# Suche passende Wakü für I5 4670K



## Drummer1986 (8. Oktober 2014)

*Suche passende Wakü für I5 4670K*

Hallo zusammen,


Wird Zeit für ne Wakü.
Ich habe zurzeit noch meinen alten be quiet shadow rock topflow Kühler, habe Ihn von meinem alten Amd System übernommen.
Nur er kommt an seine grenzen beim Ocen.
Jetzt habe ich mich mal an WaKü gewagt und suche nun eine passende zu meinem System.
Welche ich gut fand ist die Corsair Hydro Series H60 2nd Gen.
Ist die passend für mein System oder gibt es noch was besseres für denn Preis?
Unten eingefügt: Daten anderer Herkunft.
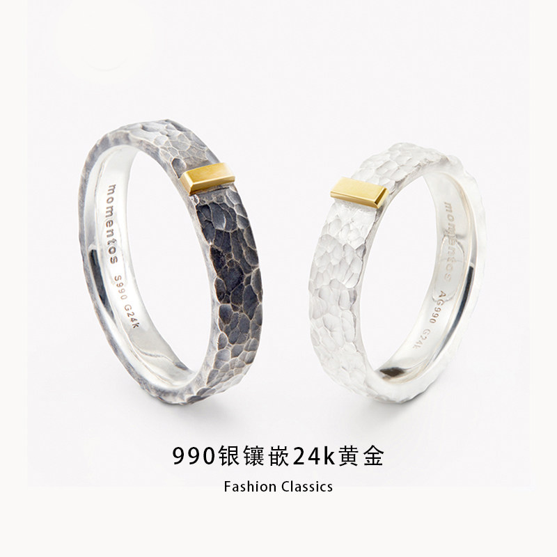 EWEST art uncouples ring 990 silver inlaid 24k gold small crowdmen men and women decorate solid with gift personality
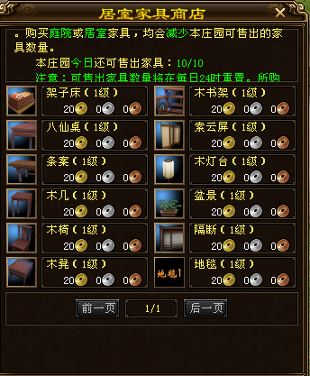 居室家具和庭院家具的购买数量合计每天不超过10次(更高级别的购买数量会不会更改后续更新)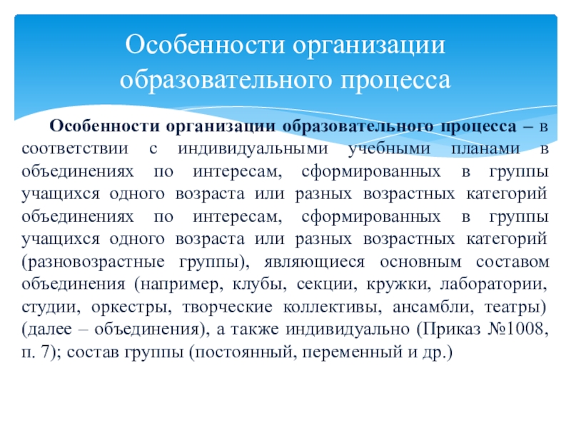 Формы обучения – очная, очно – заочная или заочная форма (Закон №273 – ФЗ, гл. 2, ст. 17, п. 2), а также «допускается сочетание различных форм получения образования и форм обучения» (Закон №273 – ФЗ, гл. 2, ст. 17, п. 4).
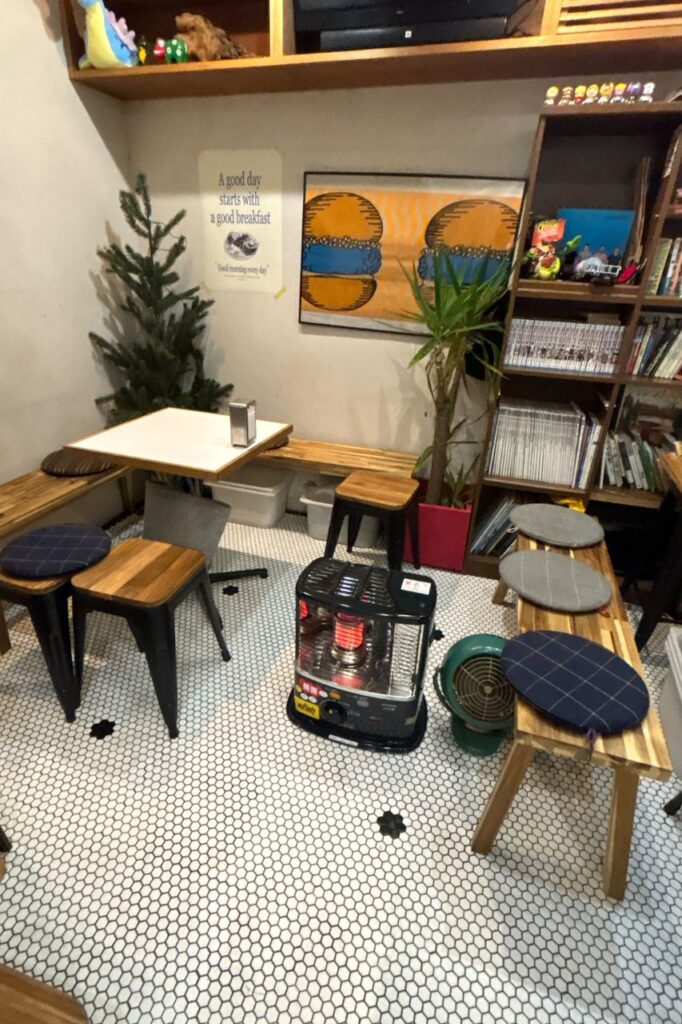 店内はキッチンと平行に奥行きのある形となっており、カウンター席2席と2名掛けのテーブルが2席、奥にコの字型の大きめのテーブルと横並びのベンチ席(テーブルあり)があります。

Muss allerdings in mein Chieftec Mesh Gehäuse passen.
Für eure vorschläge wäre ich dankbar.
Gruß

Mein PC

Prozessor: Intel Core i5-4670K 

Mainboard: ASUS MAXIMUS VII HERO 

Gehäuse: Chieftec Mesh LCX-01 blau


----------



## Drummer1986 (7. November 2014)

*AW: Suche passende Wakü für I5 4670K*

Na hab mir jetzt die Corair hydro H80i gekauft und passt super in das chieftec rein.


----------